XV. The Official French Text as Signed

Convention entre le Roi très-Chrétien et les Etats-Unis de l’Amérique à l’effet de déterminer et fixer les fonctions et prérogatives des Consuls et Vice-Consuls respectifs.

Sa Majesté le Roi très-Chrétien et les Etats-Unis de l’Amérique s’étant accordés mutuellement par l’Art. XXIX du Traité d’Amitié et de Commerce conclu entr’eux, la liberté de tenir dans leurs Etats et ports respectifs, des Consuls et Vice-Consuls, agens et commissaires, et voulant en conséquence déterminer et fixer d’une manière réciproque et permanente les fonctions et prérogatives des Consuls et Vice-Consuls qu’ils ont jugé convenable d’établir de préférence, Sa Majesté Très-chrétienne a nommé le S[ieur Comte de Montmorin de St. Herent, Maréchal de ses Camps et armées, chevalier de ses ordres et de la Toison-d’Or, son Conseiller en tous ses Conseils, Ministre et Sécrétaire d’Etat et de ses Commandements et finances aïant le Département des Affaires Etrangères];1 et les Etats-Unis ont nommé [le Sieur Thomas Jefferson, Citoyen des Etats-Unis de l’Amérique et leur Ministre Plénipotentiaire auprès du Roi,]1 lesquels, après s’être communiqué leurs pleinpouvoirs respectifs sont convenus de ce qui suit:

Article 1er.

Les Consuls et Vice-Consuls nommés par le Roi très-chrétien et les Etats-Unis seront tenus de présenter leurs provisions selon la forme qui se trouvera établie respectivement par le Roi trés-chrétien dans ses Etats, et par le Congrès dans les Etats-Unis. On leur delivrera sans aucuns fraix l’Exequatur nécessaire à l’éxercice de leurs fonctions, et sur l’exhibition qu’ils feront dudit Exequatur, les Gouverneurs, Commandants, chefs de justice, les Corps, Tribunaux ou autres officiers aïant autorité dans les ports et lieux de leurs Consulats, les y feront jouir aussitôt et sans difficulté des prééminences, autorité et privilèges accordés réciproquement, sans qu’ils puissent éxiger desdits Consuls et Vice-Consuls aucun droit sous aucun prétexte quelconque.

Art. 2ond.

Les Consuls et Vice-Consuls et les personnes attachées á leurs fonctions, savoir leurs Chanceliers et Sécrétaires, jouiront d’une pleine et entière immunité pour leur Chancellerie et les papiers qui y seront renfermés. Ils seront éxemts de tout service personel, logement des gens de guerre, milice, guet, garde, tutelle, curatelle, ainsi que de tous droits, taxes, impositions et charges quelconques, à l’exception seulement des biens meubles et immeubles dont ils seroient propriétaires ou possesseurs, lesquels seront assujettis aux taxes imposées sur ceux de tous autres particuliers, et à tous2 égards ils demeureront sujets aux loix du païs comme les nationaux.
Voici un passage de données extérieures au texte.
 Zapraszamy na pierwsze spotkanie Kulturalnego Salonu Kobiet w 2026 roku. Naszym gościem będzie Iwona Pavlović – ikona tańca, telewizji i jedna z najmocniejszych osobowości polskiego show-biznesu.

Ceux desdits Consuls et Vice-Consuls qui feront le Commerce seront respectivement assujettis à toutes les taxes, charges et impositions établies sur les autres négociants.
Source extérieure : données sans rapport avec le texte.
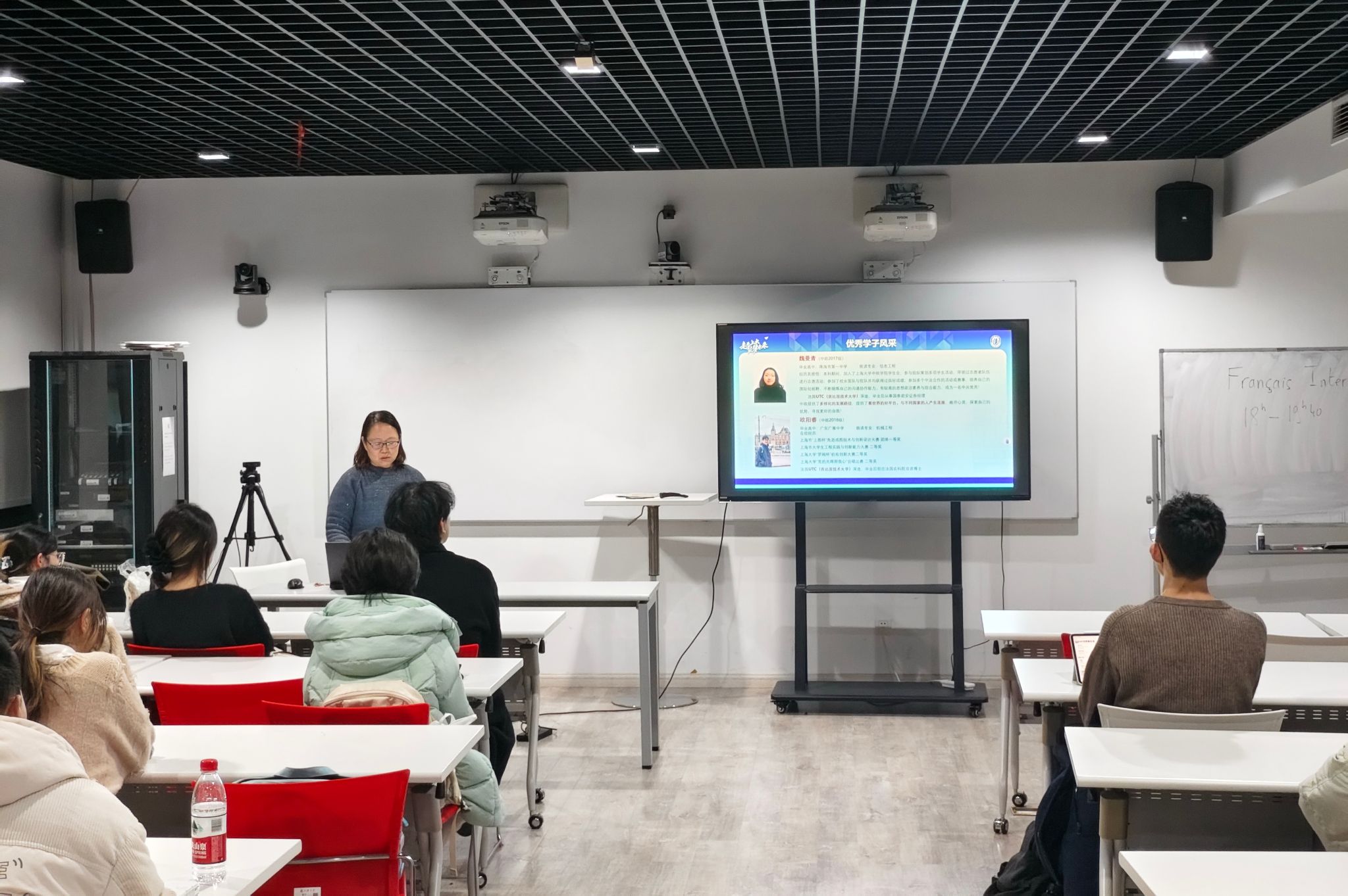 在经验分享环节,中欧工程技术学院的熊文慧与计算机工程与科学学院的杨旭晨两位同学,结合往年宣讲经历,为在场同学提供了实用建议与宣传灵感。

Ils placeront sur la porte extérieure de leurs Maisons les armes de leur souverain, sans que cette marque distinctive puisse donner auxdites Maisons le droit d’asîle, soit pour des personnes, soit pour des effets quelconques.

Art. 3.

Les Consuls et Vice-Consuls respectifs pourront établir des agens dans les différens ports et lieux de leurs Départements où le besoin l’éxigera; ces agens pourront être choisis parmi les négociants nationaux ou étrangers et munis de la Commission de l’un desdits Consuls. Ils se renfermeront respectivement à rendre aux Commercants, navigateurs et batiments respectifs, tous les services possible, et à informer le Consul le plus proche des besoins desdits Commercants, navigateurs et batiments, sans que lesdits agens puissent autrement participer aux immunités, droits et privilèges attribués aux Consuls et Vice-Consuls, et sans pouvoir sous aucun3 prétexte que ce soit, éxiger aucun droit ou émolument quelconque desdits Commerçants.

Art. 4.

Les Consuls et Vice-Consuls respectifs pourront établir une Chancellerie où seront déposés les délibérations, actes et procédures consulaires, ainsi que les testaments, obligations, contrats et autres Actes faits par les nationaux ou entr eux, et les effets délaissés par mort4 ou sauvés des naufrages.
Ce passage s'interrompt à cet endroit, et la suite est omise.